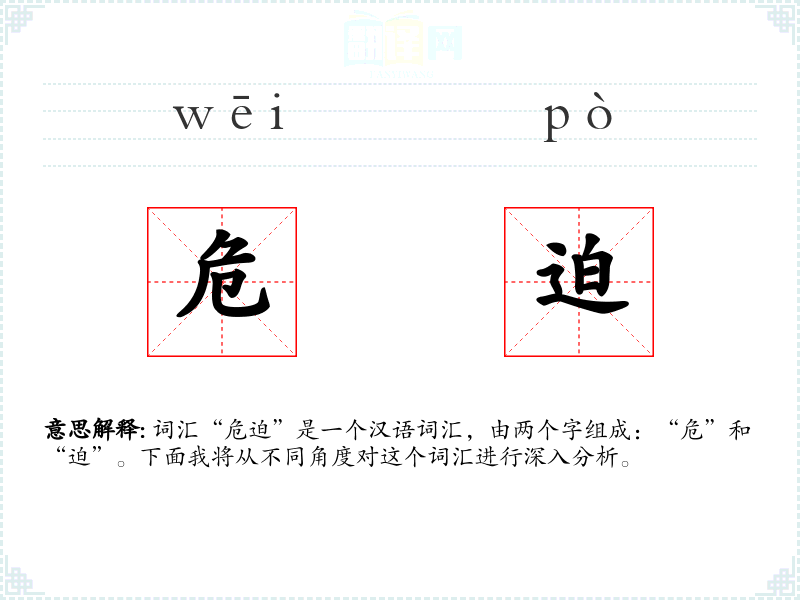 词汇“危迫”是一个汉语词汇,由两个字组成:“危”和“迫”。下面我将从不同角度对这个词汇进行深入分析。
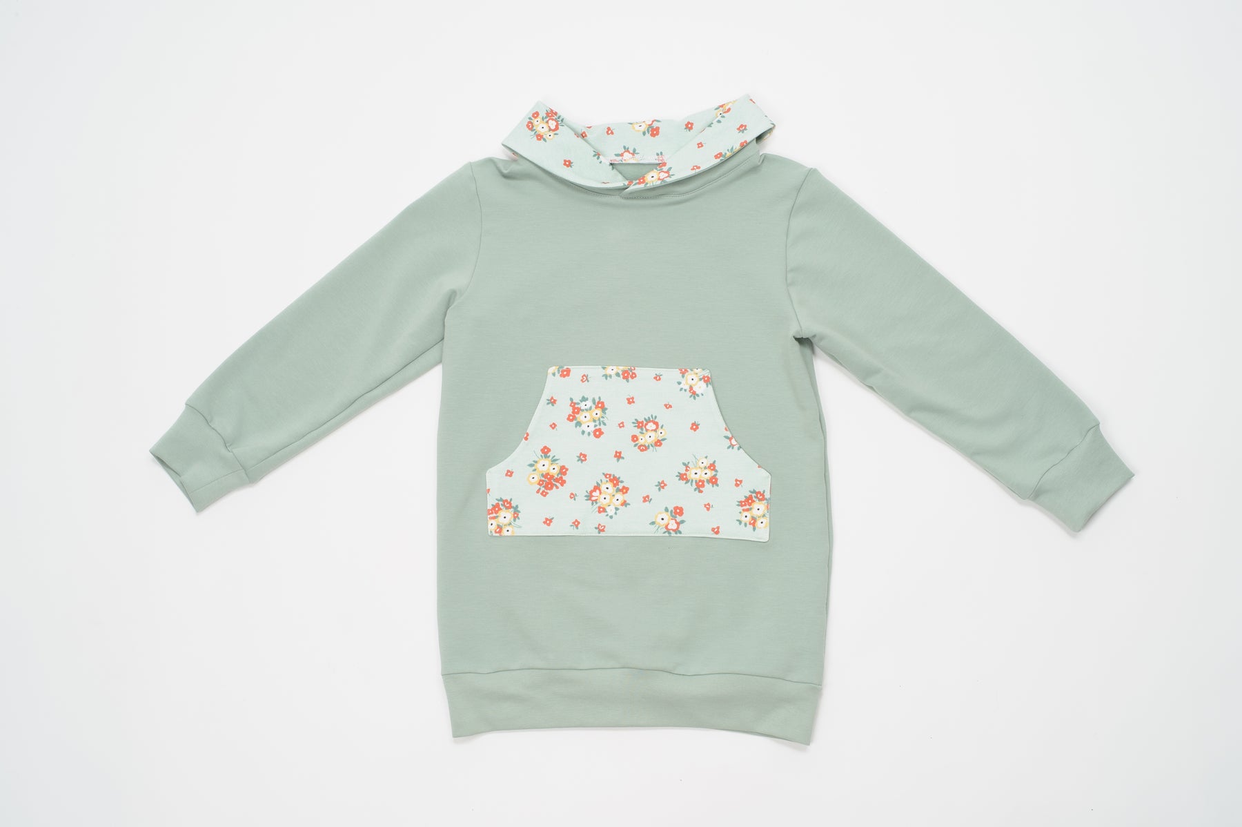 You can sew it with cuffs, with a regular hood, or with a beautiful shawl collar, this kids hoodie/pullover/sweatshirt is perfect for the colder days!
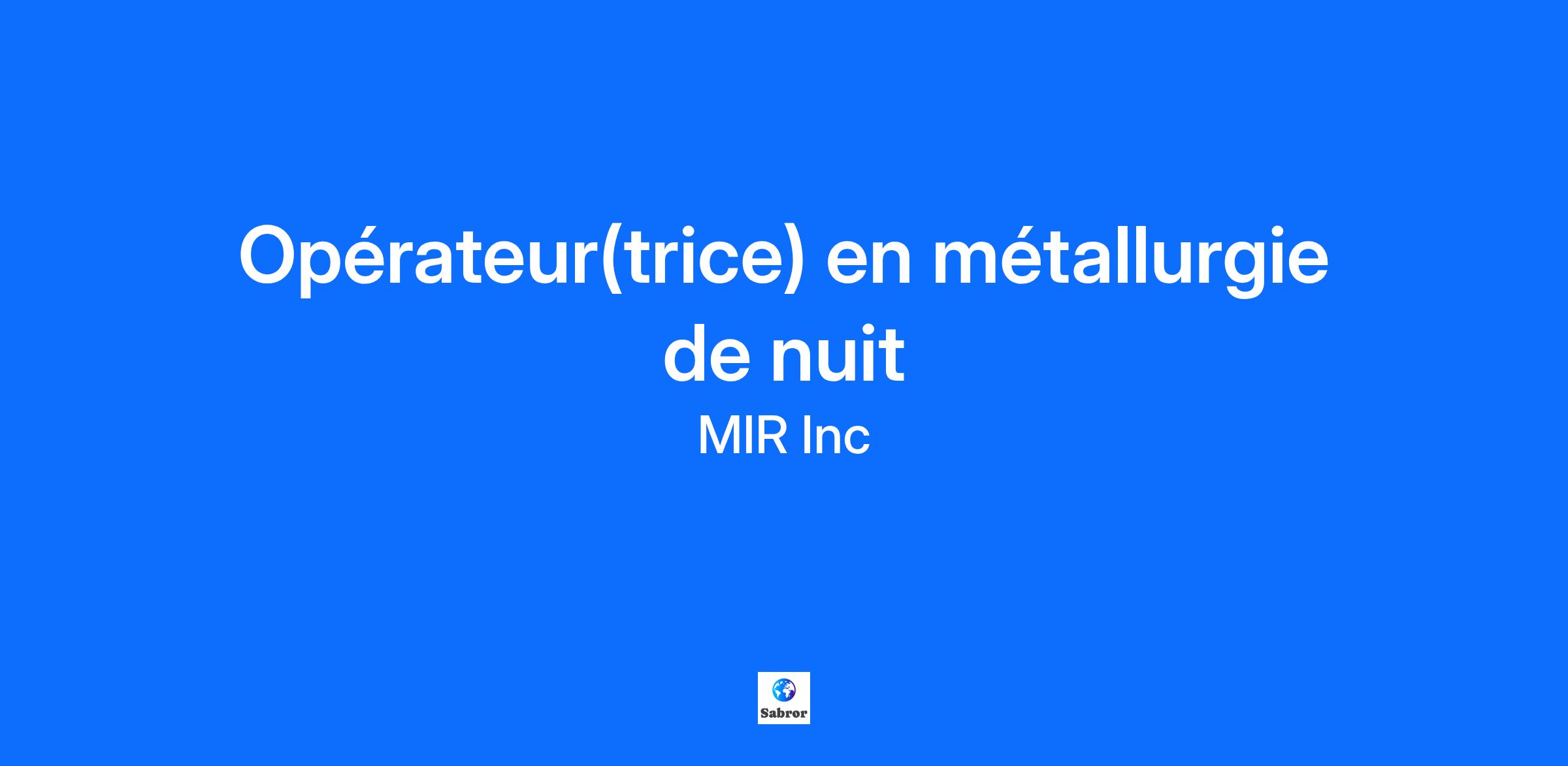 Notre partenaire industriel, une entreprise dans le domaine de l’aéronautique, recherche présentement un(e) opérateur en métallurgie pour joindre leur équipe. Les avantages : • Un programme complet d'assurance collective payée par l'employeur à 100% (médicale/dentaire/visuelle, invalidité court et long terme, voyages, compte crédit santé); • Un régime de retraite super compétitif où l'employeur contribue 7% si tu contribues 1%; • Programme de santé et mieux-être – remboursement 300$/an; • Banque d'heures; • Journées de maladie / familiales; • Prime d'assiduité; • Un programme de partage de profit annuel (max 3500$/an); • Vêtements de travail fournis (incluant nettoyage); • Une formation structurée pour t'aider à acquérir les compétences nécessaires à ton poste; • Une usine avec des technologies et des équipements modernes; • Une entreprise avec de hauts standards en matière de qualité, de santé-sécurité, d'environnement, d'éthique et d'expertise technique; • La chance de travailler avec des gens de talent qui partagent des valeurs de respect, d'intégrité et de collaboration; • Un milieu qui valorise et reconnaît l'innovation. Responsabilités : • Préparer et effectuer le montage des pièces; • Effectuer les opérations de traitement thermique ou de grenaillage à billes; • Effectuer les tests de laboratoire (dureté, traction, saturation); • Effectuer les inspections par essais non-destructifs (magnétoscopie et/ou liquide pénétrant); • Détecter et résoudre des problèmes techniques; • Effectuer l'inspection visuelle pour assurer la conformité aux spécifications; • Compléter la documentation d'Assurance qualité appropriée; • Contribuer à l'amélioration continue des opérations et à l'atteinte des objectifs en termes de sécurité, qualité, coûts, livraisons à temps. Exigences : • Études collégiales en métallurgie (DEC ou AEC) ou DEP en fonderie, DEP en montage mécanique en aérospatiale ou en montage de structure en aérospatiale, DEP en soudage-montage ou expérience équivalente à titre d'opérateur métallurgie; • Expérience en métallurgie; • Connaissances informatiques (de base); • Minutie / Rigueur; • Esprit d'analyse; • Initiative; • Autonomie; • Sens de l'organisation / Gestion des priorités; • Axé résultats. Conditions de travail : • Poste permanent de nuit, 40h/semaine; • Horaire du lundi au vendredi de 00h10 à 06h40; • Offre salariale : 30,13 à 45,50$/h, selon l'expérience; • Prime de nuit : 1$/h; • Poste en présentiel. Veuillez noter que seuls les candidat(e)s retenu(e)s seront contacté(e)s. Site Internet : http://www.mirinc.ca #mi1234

• _ASSIGNMENT_:
From the first line above to the line containing "You can sew", repeat each line exactly. Pictures stay out.

• _RESPONSE TO THE EXERCISE_:
 词汇“危迫”是一个汉语词汇,由两个字组成:“危”和“迫”。下面我将从不同角度对这个词汇进行深入分析。
 You can sew it with cuffs, with a regular hood, or with a beautiful shawl collar, this kids hoodie/pullover/sweatshirt is perfect for the colder days!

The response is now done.